HOLOPIS.COM, JAKARTA – Presiden Amerika Serikat (AS) Donald Trump mengklaim kesepakatan damai antara Washington dan Teheran hampir rampung yang melibatkan mediator Pakistan. Pernyataan itu memunculkan spekulasi baru mengenai kemungkinan berakhirnya konflik besar yang pecah sejak Februari lalu.

Trump menyebut sebagian besar isi nota kesepahaman antara Amerika Serikat (AS) dan Iran telah berhasil dinegosiasikan. Menurutnya, pembahasan kini tinggal menyelesaikan detail akhir sebelum diumumkan secara resmi.

Sebuah kesepakatan sebagian besar telah dinegosiasikan, tunduk pada finalisasi antara Amerika Serikat, Republik Islam Iran, dan berbagai negara lain,” tulis Trump melalui platform media sosial miliknya dikutip pada Minggu, (24/5/2026).

Trump juga mengklaim Selat Hormuz akan kembali dibuka sebagai bagian dari kesepakatan tersebut. Jalur pelayaran strategis itu selama ini menjadi titik ketegangan utama dalam konflik AS-Iran karena merupakan jalur penting distribusi minyak dunia.

Namun, pernyataan Trump langsung mendapat respons dingin dari Teheran. Kantor berita Fars yang dekat dengan Korps Garda Revolusi Islam Iran menegaskan pengelolaan Selat Hormuz tetap sepenuhnya berada di bawah kendali Iran dan tidak termasuk dalam konsesi apa pun terhadap AS.

Pengelolaan Selat, penentuan rute, waktu, metode pelayaran, dan penerbitan izin akan terus menjadi monopoli dan wewenang Republik Islam Iran,” demikian laporan Fars melalui Telegram.

- Advertisement -

Media tersebut juga menyebut klaim Trump bahwa kesepakatan hampir final “tidak sesuai dengan kenyataan”.

Di tengah dinamika negosiasi itu, Perdana Menteri Pakistan Shehbaz Sharif menyampaikan dukungannya terhadap proses mediasi yang sedang berlangsung. Sharif bahkan menyatakan Pakistan siap menjadi tuan rumah putaran pembicaraan lanjutan antara AS dan Iran dalam waktu dekat.

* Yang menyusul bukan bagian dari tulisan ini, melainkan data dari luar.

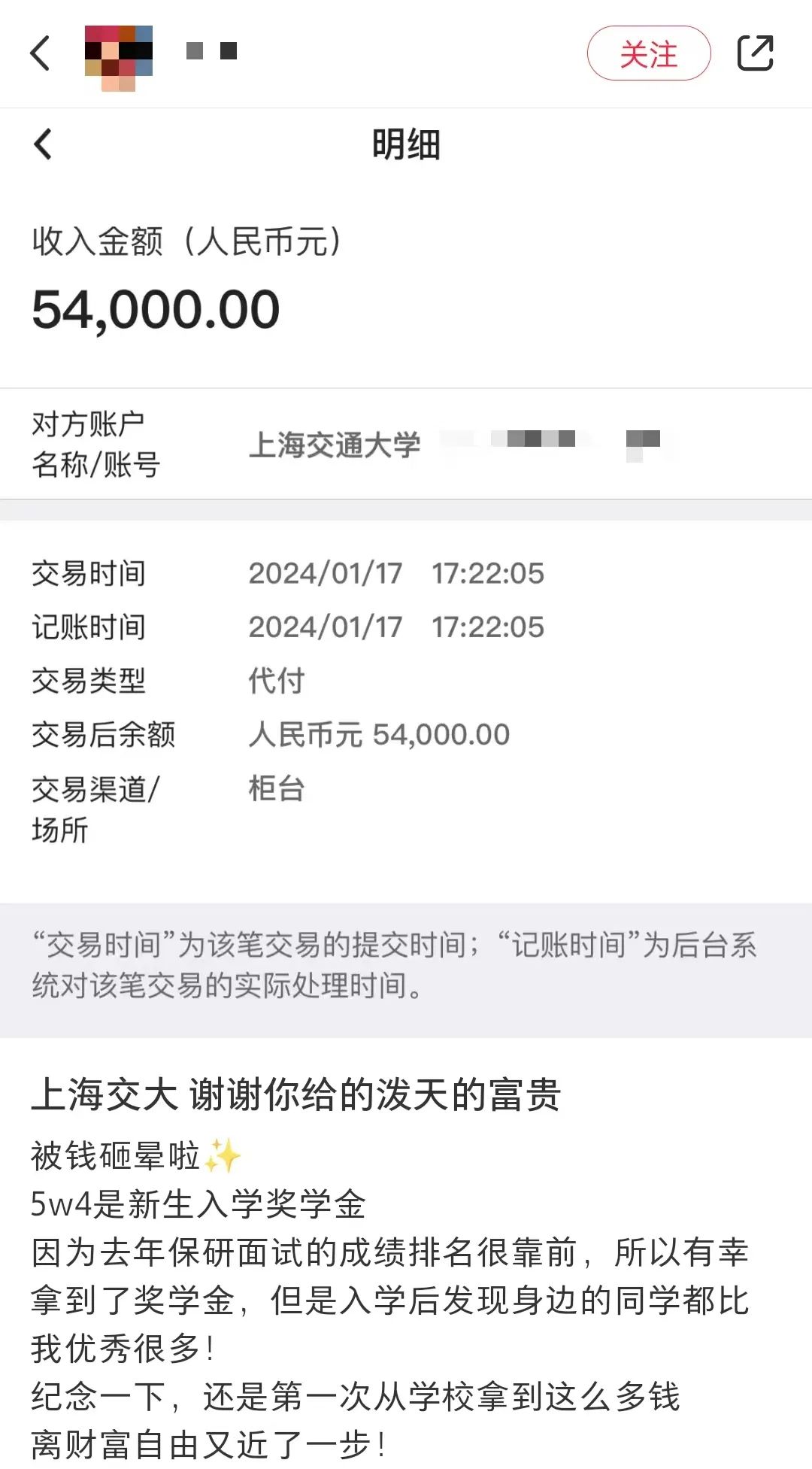 有上岸交大的保研er反馈,部分专业若面试成绩排名靠前,拿到的新生奖学金可达五位数。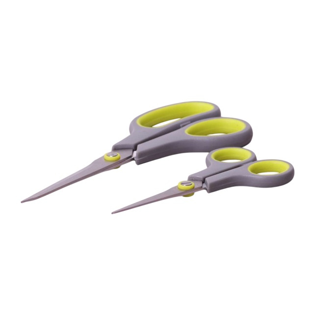 Ножиці універсальні Kamille виготовлені із якісних матеріалів з використанням сучасних технологій. Вони мають міцний механізм і оснащені спеціальними антиковзкими вставками на ручках, завдяки чому вони не ковзатимуть у руці. У застосуванні ножиці Kamille досить прості та зручні та неодмінно прослужать Вам дуже довгий час. Ножиці універсальні 2 предмети 14 см; 21.5 см з нержавіючої сталі із пластиковими ручками KM-518 Характеристики: Матеріал: нержавіюча сталь, пластик, TPR-вставки Загальна довжина: маленькі ножиці 14см, великі ножиці 24.5см Особливості : ексклюзивний дизайн зручні ергономічні ручки міцний механізм естетика та функціональність

“Pakistan akan melanjutkan upaya perdamaiannya dengan ketulusan yang maksimal dan kami berharap dapat menjadi tuan rumah putaran pembicaraan berikutnya segera,” ujar Sharif.

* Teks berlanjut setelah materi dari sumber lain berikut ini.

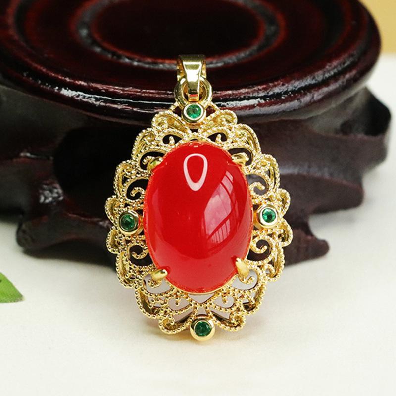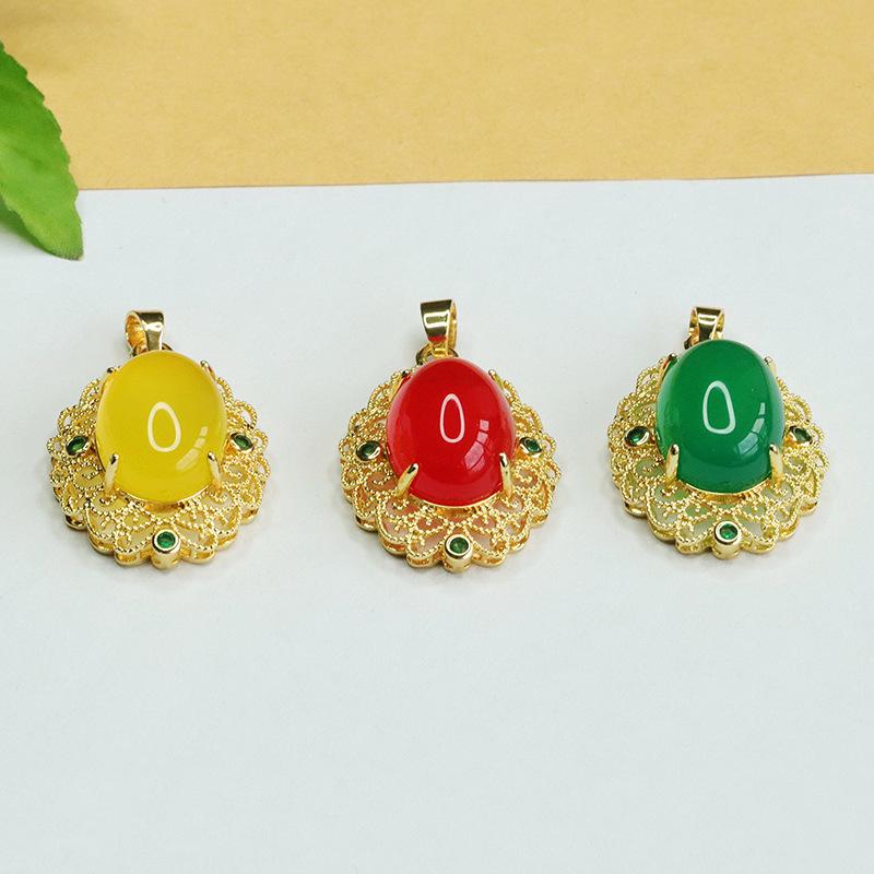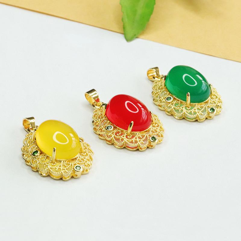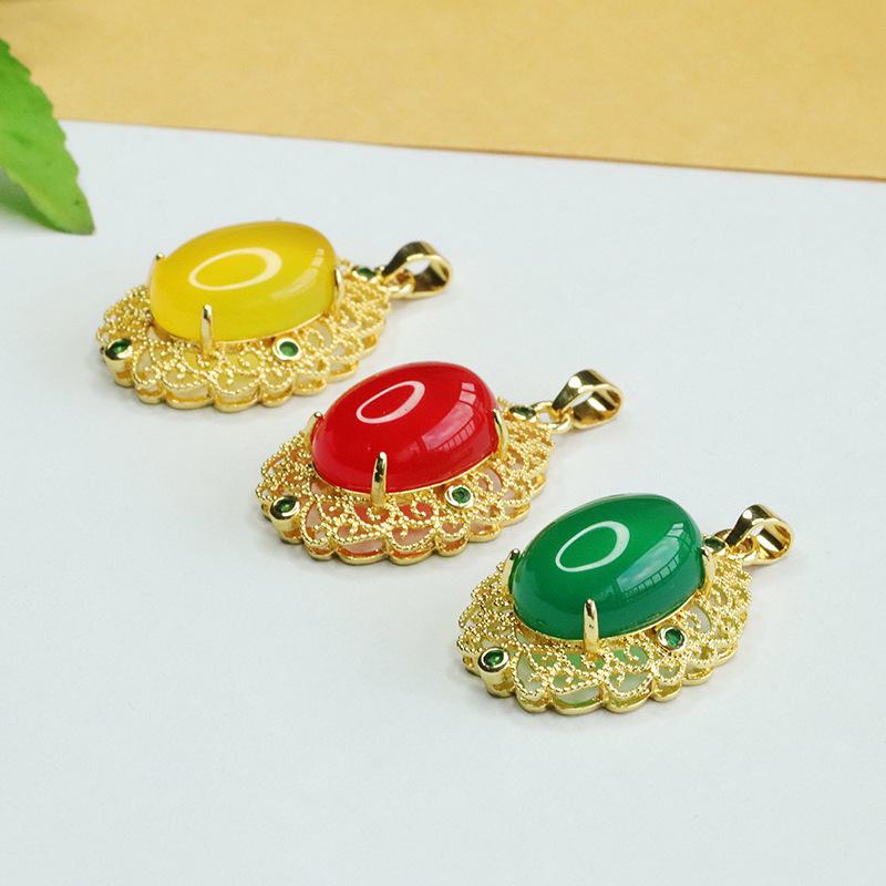 Colgante de Ágata Roja Imitación de Moda Collar de Calcedonia Amarilla y Verde para Mujer Joyería Retro Estilo Corte para Mujer Explosiones de Bienestar en Vivo

Peran Pakistan dalam negosiasi disebut cukup sentral. Kepala Angkatan Darat Pakistan Jenderal Syed Asim Munir diketahui melakukan sejumlah pertemuan penting di Teheran dengan Presiden Iran Masoud Pezeshkian dan Ketua Parlemen Mohammad Bagher Ghalibaf.

Sejumlah sumber internasional juga menyebut proposal terbaru yang dibahas mencakup penghentian perang secara resmi, pembukaan kembali Selat Hormuz. Selain itu, pelonggaran blokade pelabuhan Iran, hingga pembahasan lanjutan program nuklir Teheran dalam 30 hingga 60 hari ke depan juga turut dibahas.

Tiga pejabat senior Iran bahkan menyebut kemungkinan pencairan aset Iran senilai 25 miliar dolar AS yang selama ini dibekukan di luar negeri sebagai bagian dari skema penyelesaian konflik.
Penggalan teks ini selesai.